Multi-kinase inhibitors
Multi-kinase inhibitors are small-molecule oral drugs designed to inhibit the growth and proliferation of tumor cells by
targeting various pathways that promote tumor development. There are a wide variety of these drugs, both on the market
and in the pipeline. Gleevec® was the first multi-kinase inhibitor to be approved. One of the indications for this drug is for
treatment of Philadelphia chromosome–positive chronic myeloid leukemia (CML). Gleevec significantly improved patient
survival and dramatically changed how CML is treated, turning an acute and often fatal illness into a chronic condition that
can be managed with long-term oral therapy.
Over the past few years, a large number of additional drugs in this class have been approved. Nexavar® is approved for the
treatment of advanced renal cell and liver cancers. Sutent® is approved for advanced renal cell cancer and gastrointestinal
stromal tumor (GIST) after failure with Gleevec. Tykerb® is approved for advanced or metastatic breast cancer after
Herceptin® fails or in combination with Femara® as first-line therapy. Sprycel® and Tasigna® are both approved for Gleevecresistant CML. These drugs may soon be approved for additional indications, further contributing to utilization and unitcost growth in this category.
Several new oral multi-kinase inhibitors are in late-stage clinical development and may receive FDA approval over the next
several years. These pipeline multi-kinase inhibitors include motesanib for lung and breast cancer, bosutinib for CML and
breast cancer, axitinib for renal cell carcinoma, and cediranib for colorectal cancer.
71
Vascular endothelial growth factor (VEGF) inhibitors
VEGF inhibitors are designed to starve the cancer cells of oxygen and nutrients by inhibiting the growth and development
of tumor-feeding blood vessels. The VEGF inhibitor Avastin® (bevacizumab) is an injectable monoclonal antibody that is
FDA-approved in combination with other therapies for the treatment of advanced colorectal cancer, metastatic lung cancer,
and metastatic human epidermal growth factor receptor 2 (HER2)-negative metastatic breast cancer. In 2009, Avastin also
received FDA approval for the treatment of metastatic renal cell carcinoma in combination with interferon, and for the
treatment of glioblastoma (an aggressive type of brain cancer). Avastin is already a multi-billion dollar drug and these new
indications will continue to fuel the costs associated with its use.
Another oral VEGF and multi-kinase inhibitor, pazopanib (Votrient®), was approved by the FDA toward the end of 2009 as
a once-daily oral drug for the treatment of renal cell cancer. In the last few years, about six new oral or injectable drugs
have been approved for the treatment of renal cell carcinoma. Some of these drugs will be used sequentially; as renal
cell carcinoma progresses on one drug, patients will be transitioned to the next one. Pazopanib is also under clinical
development for other types of cancers, including breast cancer.
Monoclonal antibodies
Monoclonal antibodies are highly selective protein-based injectable drugs that selectively target and attach to specific
receptors on cancer cells, thereby helping the body’s immune system attack and kill or inhibit the growth of the tumor.

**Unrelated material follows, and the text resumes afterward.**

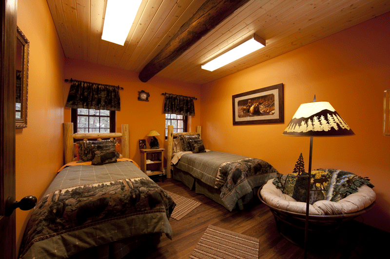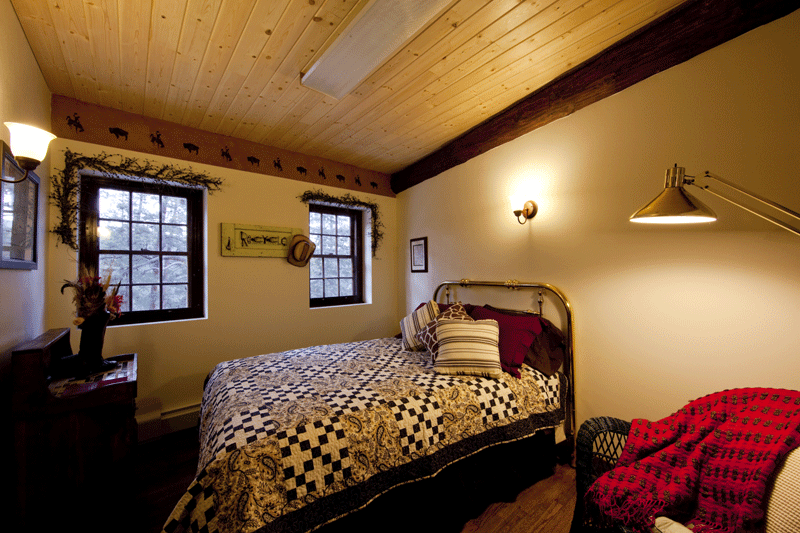 With 2 windows and bright light streaming in, this room is cheery and emanates the ambiance of a gentle autumn day. It has two hand-hewn extra-long log twin beds and adorned with striking images of bears. This room is warm and welcoming and creates that feeling of peace that only Nature can inspire. This is an ideal room for two people that want to share a room but want their own cozy bed; or for one person that wants to spread out.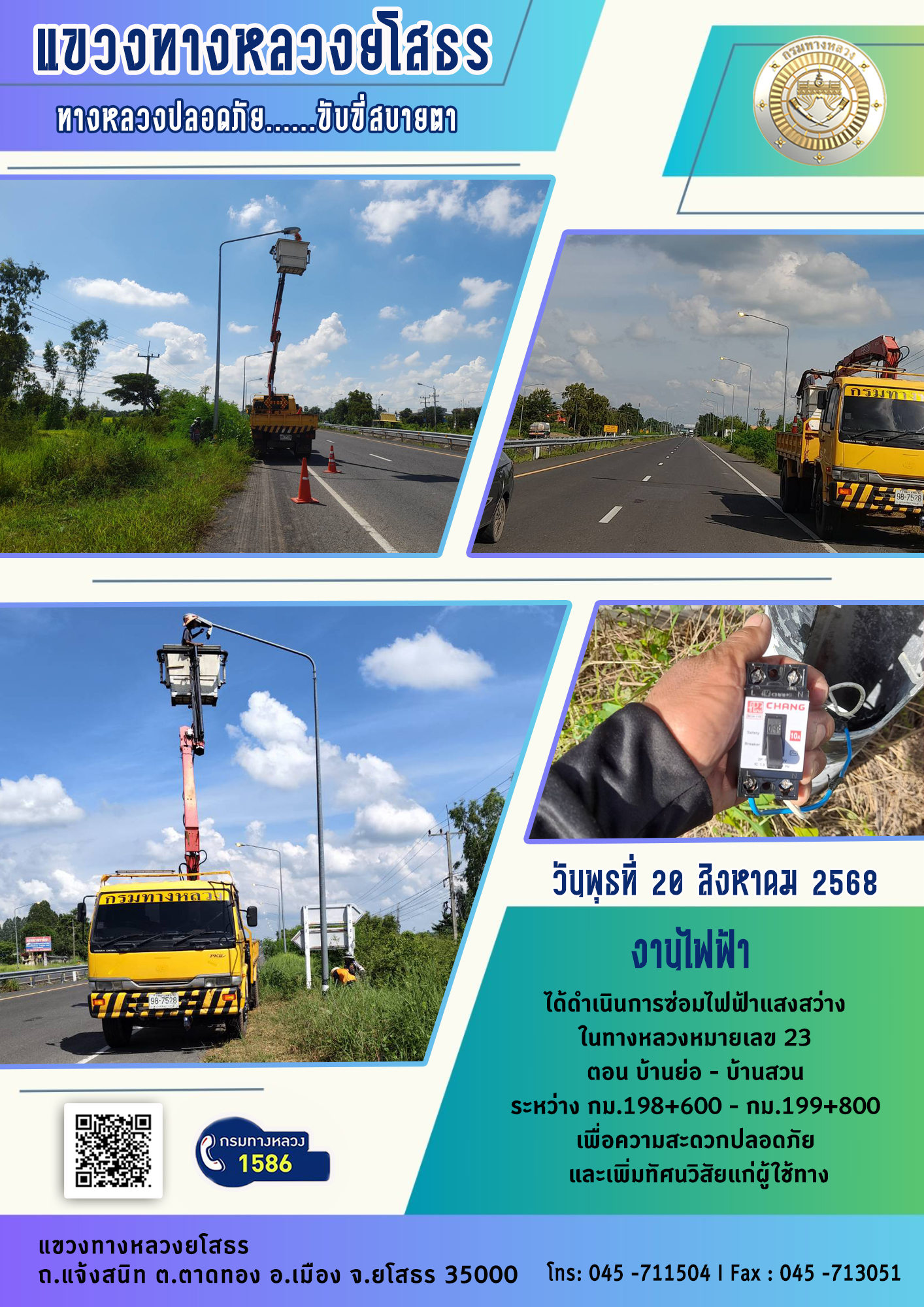 วันพุธที่ 20 สิงหาคม 2568 งานไฟฟ้า ได้ดำเนินการซ่อมไฟฟ้าแสงสว่าง ในทางหลวงหมายเลข 23 ตอน บ้านย่อ - บ้านสวน ระหว่าง กม.198+600 - กม.199+800 เพื่อความสะดวกปลอดภัย และเพิ่มทัศนวิสัยแก่ผู้ใช้ทาง

Rituxan was one of the first monoclonal antibodies developed for the treatment of cancer, specifically non-Hodgkin’s
lymphoma, and in March 2010 was indicated for lymphocytic leukemia. Other monoclonal antibodies approved for the
treatment of various cancers include Herceptin® for breast cancer, Erbitux® for colon and head and neck cancer, Vectibix®
for colon cancer, and Mylotarg® for acute myelogenous leukemia (AML). These drugs are often given in combination with
traditional chemotherapy to achieve the greatest benefit.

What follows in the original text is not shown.